Valgrind flagging an issue

ericrhenry · May 15, 2020, 3:46pm

This may be a non-issue ultimately, but I’ve come to take valgrind analyses quite seriously. I am running a batched optimization (CPU only) on Linux, using the C++ frontend of a Pytorch 1.5 build. Upon initialization I get

==6595== Syscall param sched_setaffinity(mask) points to unaddressable byte(s)
==6595== at 0x7316989: syscall (in /lib64/libc-2.30.so)
==6595== by 0x1585EE11: __kmp_affinity_determine_capable (in /usr/lib64/libomp.so)
==6595== by 0x1581B61F: __kmp_env_initialize(char const*) (in /usr/lib64/libomp.so)
==6595== by 0x15807BAE: __kmp_do_serial_initialize() (in /usr/lib64/libomp.so)
==6595== by 0x15808374: __kmp_get_global_thread_id_reg (in /usr/lib64/libomp.so)
==6595== by 0x157F4DE6: __kmpc_global_thread_num (in /usr/lib64/libomp.so)
==6595== by 0xFA6AF05: at::native::randperm_out_cpu(at::Tensor&, long, at::Generator*) (in /usr/lib64/libtorch_cpu.so)
==6595== by 0xFD20856: at::CPUType::randperm_out_generator_out(at::Tensor&, long, at::Generator*) (in /usr/lib64/libtorch_cpu.so)
==6595== by 0xFA7AA40: at::Tensor& c10::KernelFunction::callUnboxed<at::Tensor&, at::Tensor&, long, at::Generator*>(c10::OperatorHandle const&, at::Tensor&, long, at::Generator*) const (in /usr/lib64/libtorch_cpu.so)
==6595== by 0xFA6A9DF: at::native::randperm(long, at::Generator*, c10::TensorOptions const&) (in /usr/lib64/libtorch_cpu.so)
==6595== by 0xFA6A89D: at::native::randperm(long, c10::TensorOptions const&) (in /usr/lib64/libtorch_cpu.so)
==6595== by 0xFE2B5A4: at::TypeDefault::randperm(long, c10::TensorOptions const&) (in /usr/lib64/libtorch_cpu.so)
==6595== Address 0x0 is not stack’d, malloc’d or (recently) free’d

When I step beyond the error, execution appears to continue without any issues. (At least nothing crashes and burns.) The complaint appears to be triggered deep inside libomp.so, which may mean it’s not really a pytorch issue at all, in which case it passes upstream.
I would just ignore this, except that the man page for the sched_setaffinity call says nothing about what happens when the mask is a nullptr.
Does anyone have a sense whether such seemingly “benign” complaints (hard to regard nullptr’s being passed around as benign) are SOP under these conditions?

Thanks,
Eric

glaringlee · May 15, 2020, 4:54pm

@ericrhenry
This is to me caused by libomp, we use it to do parallel processing when available, the message above is a potential memory leak report (might not be a real problem), I saw same error in some other forums and github discussions, it should not affect your usage at this point.

Can you create an issue in pytorch repo? https://github.com/pytorch/pytorch/issues
We can triage it later.

ericrhenry · May 15, 2020, 6:25pm

This specific valgrind message is not associated with a memory leak, but ultimately identifying inaccessible user-space data (in this case a null pointer).

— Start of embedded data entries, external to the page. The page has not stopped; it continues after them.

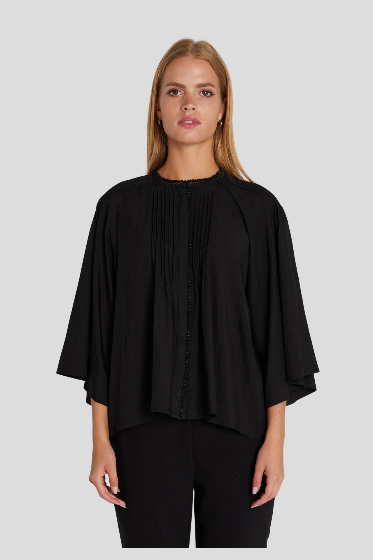 Kassia is a feminine shirt with a loose silhouette, wide three-quarter sleeves and fine pleats at the front and back.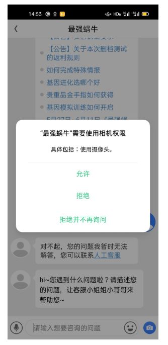 3、【相机权限】用于在游戏内联系客服时向客服发送拍摄的照片或视频,将在游戏内联系客服需要拍摄照片或视频时询问是否同意获取权限,若不同意,将无法拍摄照片或视频发送给客服。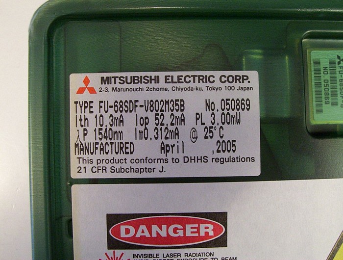 1539.76nm >2mW isolated DFB Laser for 2.5Gb tansmission,  With FC/PC fiber connector.  Mitsubishi model: FU-68SDF-V802M35B
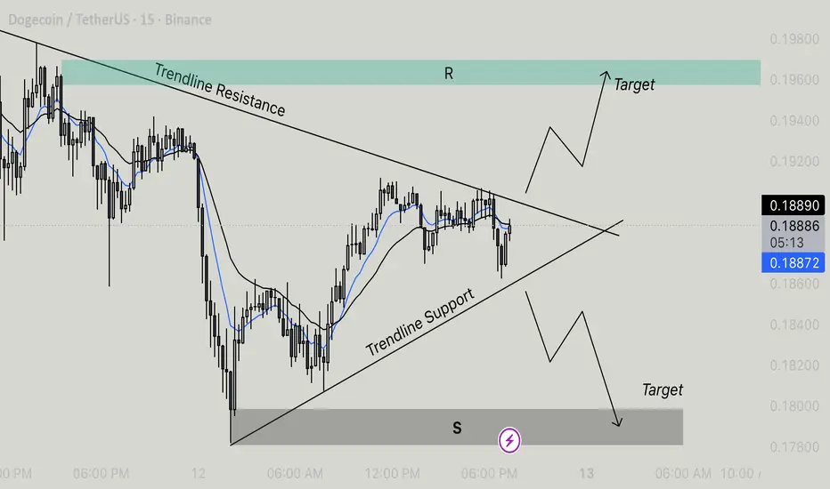 If DOGE breaks above the resistance trendline, expect upside continuation toward 0.195–0.196 USDT. This would confirm a bullish breakout from the symmetrical triangle pattern.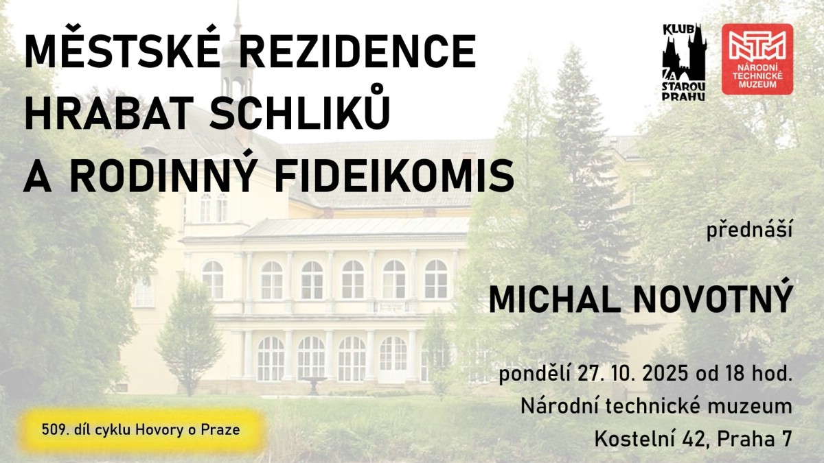 Zveme na 509. Hovory o Praze, které pořádá Klub Za starou Prahu ve spolupráci s NTM. Na téma Městské rezidence hrabat Schliků a rodinný fideikomis promluví Michal Novotný z NTM.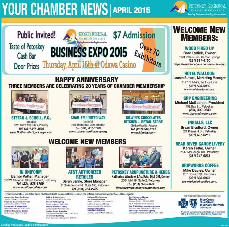 Check out today's Petoskey Chamber advertisement in the Petoskey News Review. It is Sponsored by Blue Cross Blue Shield and it welcomes new members, features anniversary pictures, ground breaking pictures, welcome new member pictures and ribbon cutting pictures. It lists the Member Insurance Agents who offer Blue Cross Blue Shield Health Insurance. A small image of the ad is above. You can see the ad in today's edition of the paper or on the chamber website here.
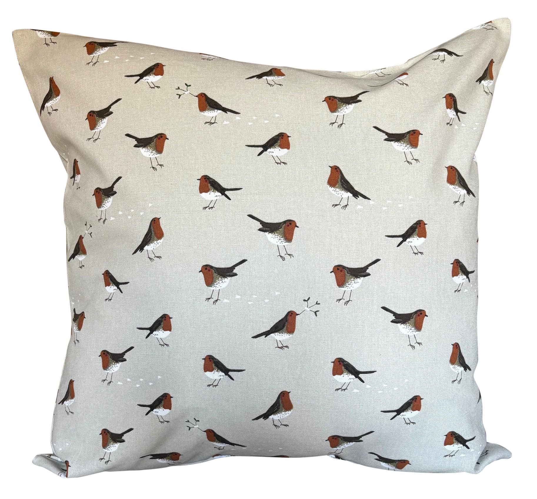 A painterly watercolour print of robins 100% linen - a beautiful addition to Christmas décor!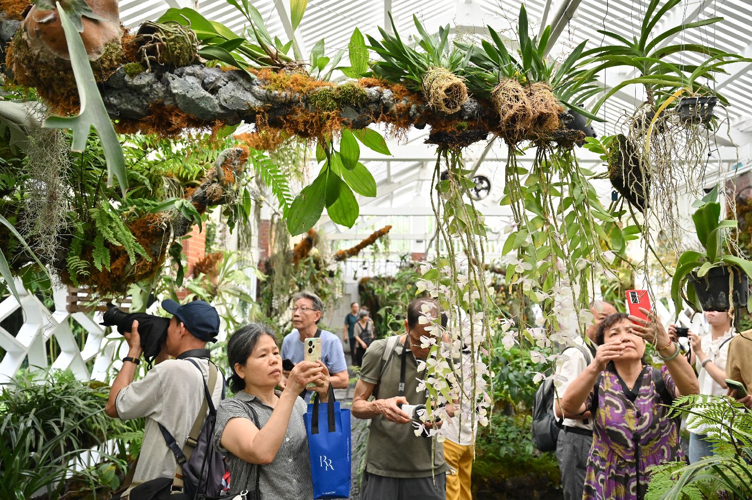 4月20日,广州市兰圃的生态馆“兰蕨秘境”吸引游客赏花拍照。(中新社)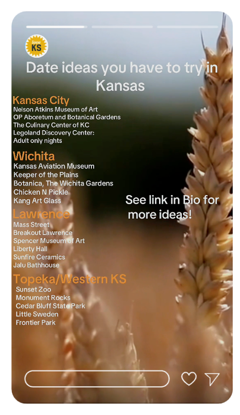 This project focuses on developing marketing strategies to attract and retain residents in Kansas as part of a team-based campaign. My contributions included creating a postcard mockup in collaboration with a partner, as well as individually designing social media content for Instagram and Facebook to support campaign messaging.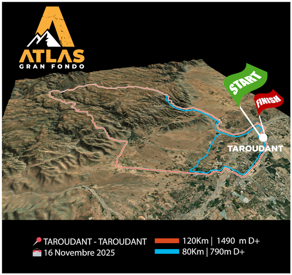 • Cyclisme-Dossard "1 jour" TAROUDANT / 16 Novembre 2025 : GRAN FONDO 80 KM - Individuel Groupe d'รขge/ouvert

The kernel source for the routine suggests that the pointer should be dereferenced while copying the mask from user space. Not sure why it doesn’t fault…

I did the run with leak-checking enabled, and the entire output of leaks at the end of the run, some “definitely lost” and some “possibly lost”, were associated with __kmp_xxx calls in libomp. I don’t know if some or all of these are because of incomplete thread shutdowns or because these calls are not covered by the extensive set of leak-check-heuristics (which I set to “all”) in valgrind.

You are correct, it appears not to affect usage. I am a bit fanatical about memory leaks, but if these are things that happen only once per execution, I can probably live with it.

I will look into creating an issue, but I am pretty sure this is not a pytorch problem per se.

Thanks,
Eric